A few states, like Washington and New Mexico, run “universal purchase” programs that buy vaccines for all children, regardless of insurance status. Most states do not. Without new funding, safety net and rural clinics could face shortages.
The new framework could also increase administrative hurdles: pediatricians may need to juggle multiple funding streams depending on which vaccines remain federally covered. Each added layer of paperwork creates friction that slows distribution and limits access.

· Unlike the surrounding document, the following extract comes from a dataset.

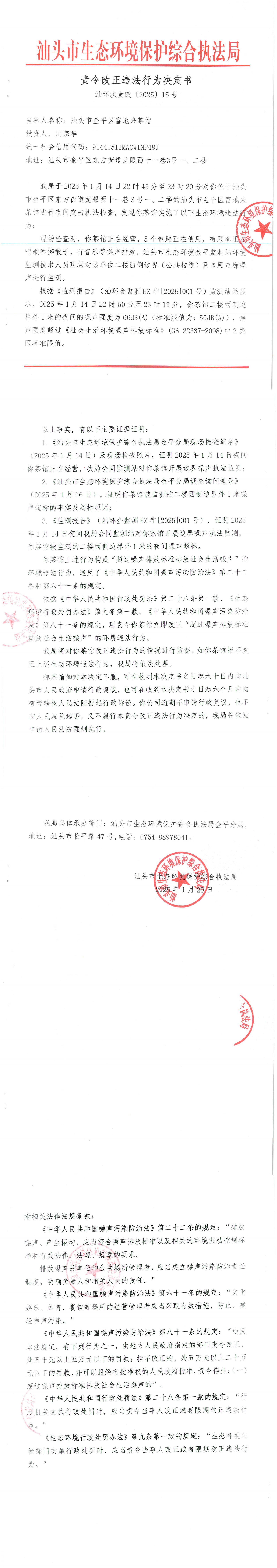【金平】责令改正违法行为决定书(汕环执责改〔2025〕15号)
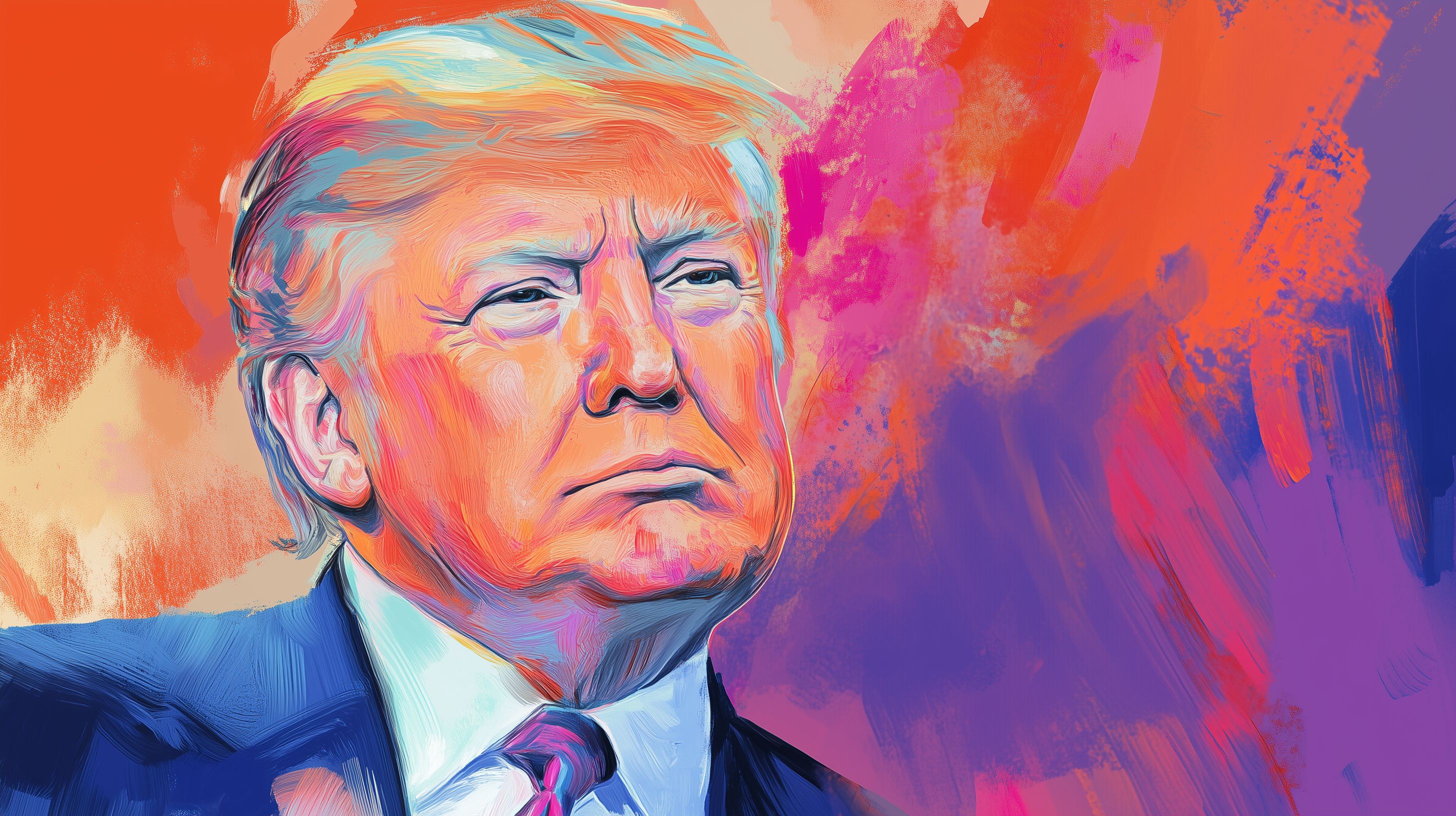 Dieses bunte, expressionistische Porträt zeigt den ehemaligen US-Präsidenten Donald Trump in einem abstrakten, farbintensiven Stil. Die Illustration wurde digital erstellt und zeichnet sich durch den Einsatz kräftiger, kontrastreicher Farbtöne aus, die dem Motiv einen einzigartigen, auffälligen Charakter verleihen. Das Bild eignet sich hervorragend als Eyecatcher für Blogs, Social-Media-Beiträge, Newsletter oder Werbematerialien mit einem politischen oder kontroversen Thema. Als kostenloses Stockfoto in hoher Auflösung und unter einer Creative-Commons-Lizenz ist es frei verwendbar.

Questions about new vaccine studies
HHS also announced plans for randomized, placebo-controlled trials to test whether giving fewer or delayed vaccine doses affects children’s health — a move that has raised ethical concerns. Global frameworks like the Declaration of Helsinki state that proven interventions should not be withheld when effective alternatives exist unless compelling scientific justifications outweigh the risks.
The CDC recently awarded about $1.6 million for a trial in Guinea-Bissau comparing hepatitis B vaccination at birth with the country’s current six-week schedule. The study will enroll about 14,000 newborns and follow disease, death, and developmental outcomes.
Guinea-Bissau, one of the world’s poorest nations, has high hepatitis B infection rates, with nearly 20% of adults infected. The WHO recommends a universal birth dose to prevent perinatal and early childhood infection that can lead to chronic infection. Children infected at birth are at high risk of developing cirrhosis or liver cancer later in life and would almost certainly lack access to chemotherapy or liver transplants.
Proponents say the trial exploits a brief “research window”: Guinea-Bissau’s health ministry plans to introduce a universal birth-dose policy in 2027, but until then, vaccination starts at six weeks, allowing comparison between the future policy and the current standard.